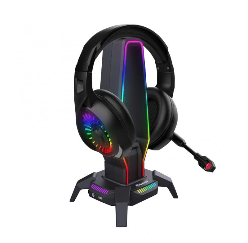 Headst holderRGB lighting with a lighting control buttonUSB powered with 1m cablewith USB2.0*3 and audio portproduct size 130*130*260mm
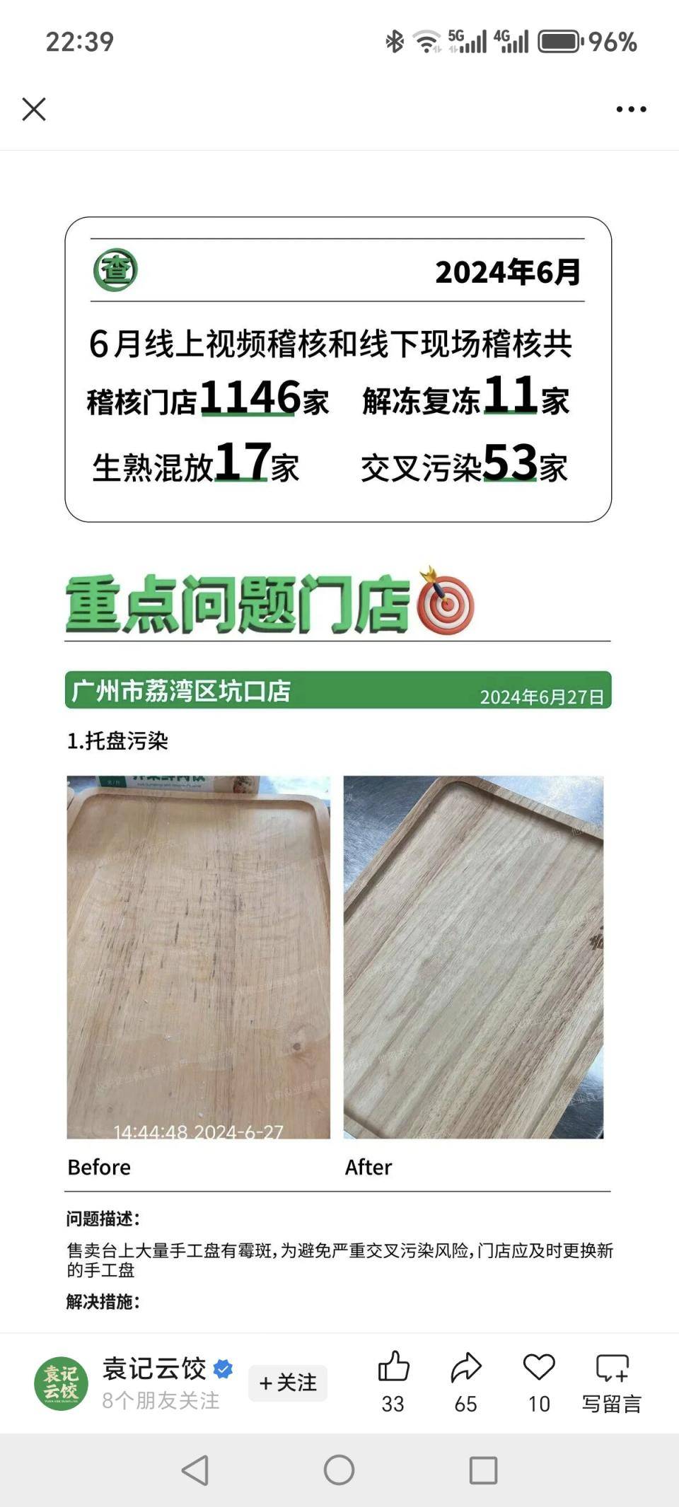 在这之后,袁记云饺虽还公布自查食品安全问题,但已经不再公布总体情况,仅展示部分门店出现的问题。
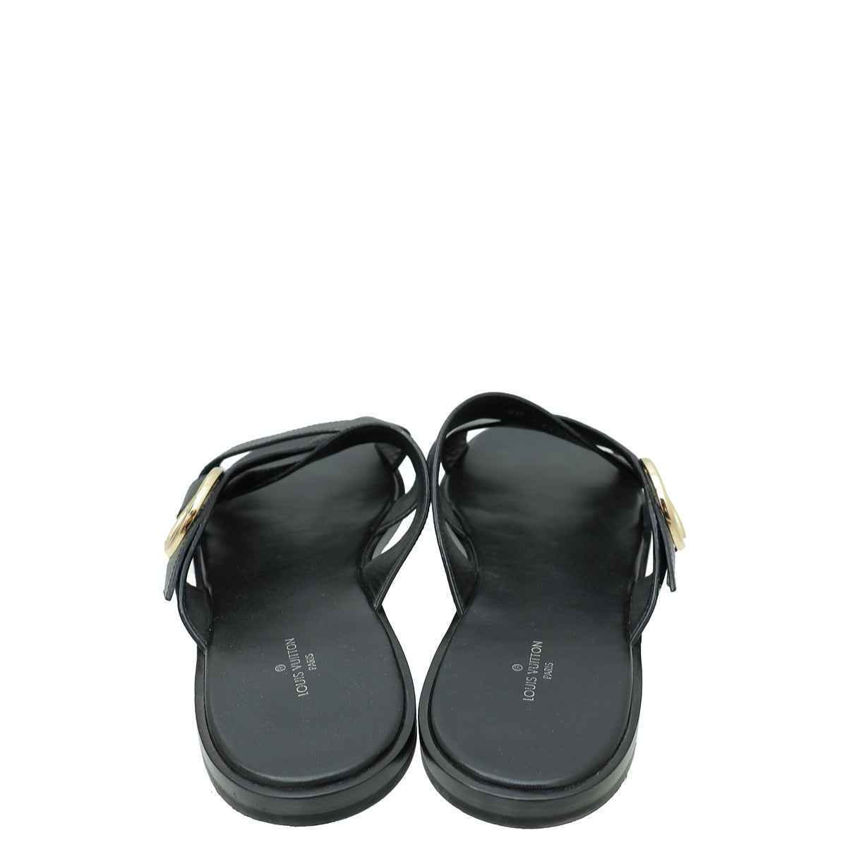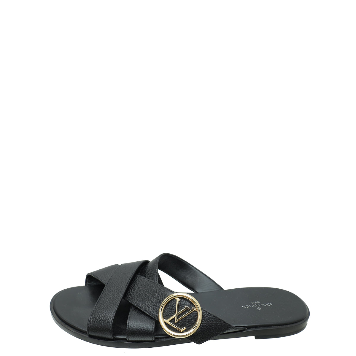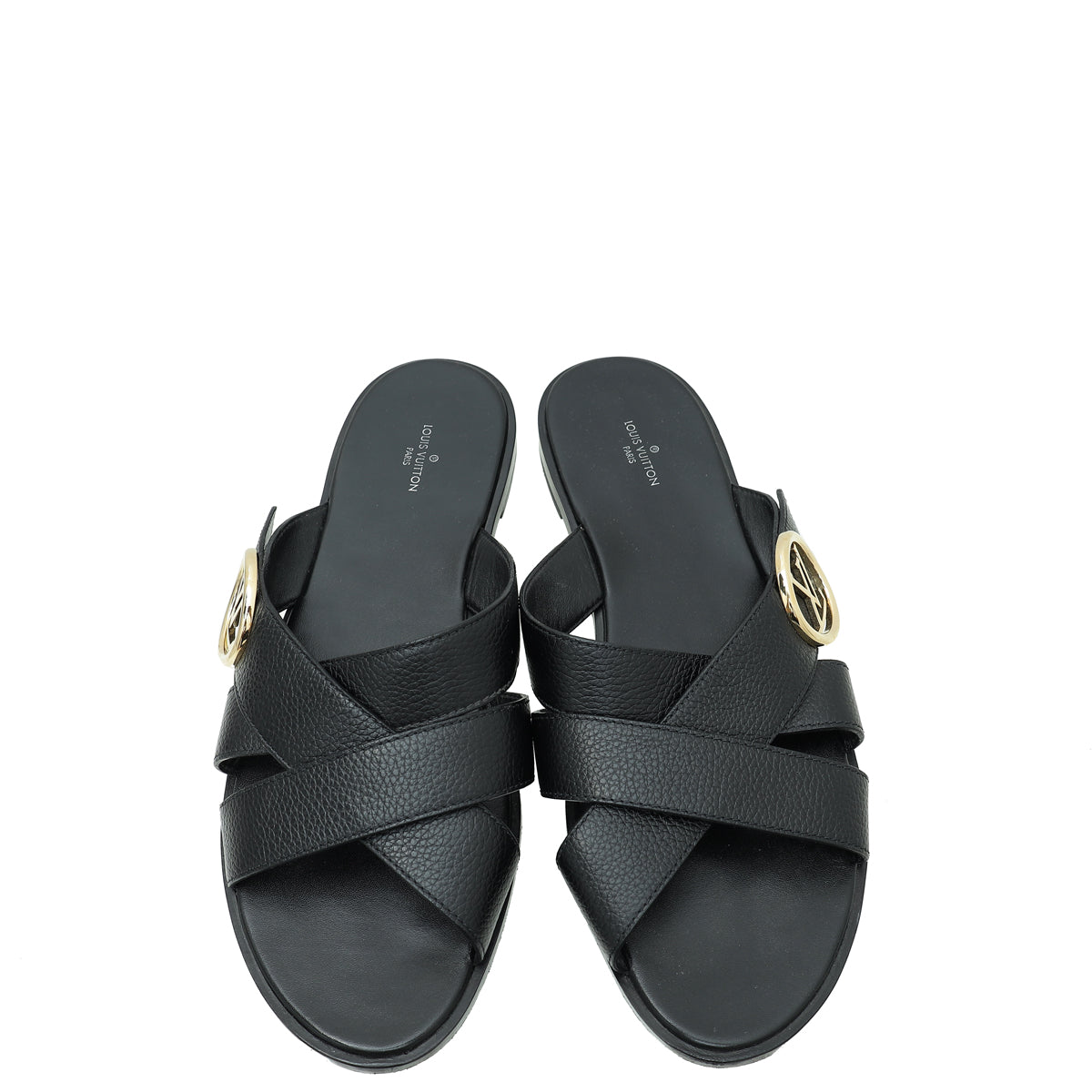Louis Vuitton Black Cross Strap Flat Sandals 41
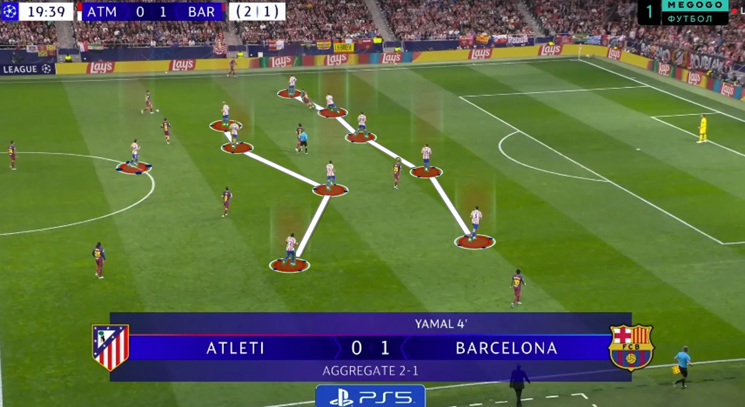 "Блаугранас" приїхали на Метрополітано без травмованого Рафіньї, а це дуже важливо – два поєдинки з Атлетіко в поточному сезоні сталися саме за його відсутності. Також на дискваліфікацію нарвався центрбек Кубарсі, тож на його позицію з опорної зони опустився Ерік Гарсія. Це відкрило шлях в основу для Гаві, внаслідок чого у центрі виникло суперінтенсивне тріо з Педрі та Ферміном.
::::
### What is being asked
Once you have returned the line containing "Louis Vuitton Black", stop; begin at the first line of the material, keep each line exact, and skip the pictures.

### Exercise answer
 Headst holderRGB lighting with a lighting control buttonUSB powered with 1m cablewith USB2.0*3 and audio portproduct size 130*130*260mm
 在这之后,袁记云饺虽还公布自查食品安全问题,但已经不再公布总体情况,仅展示部分门店出现的问题。
Louis Vuitton Black Cross Strap Flat Sandals 41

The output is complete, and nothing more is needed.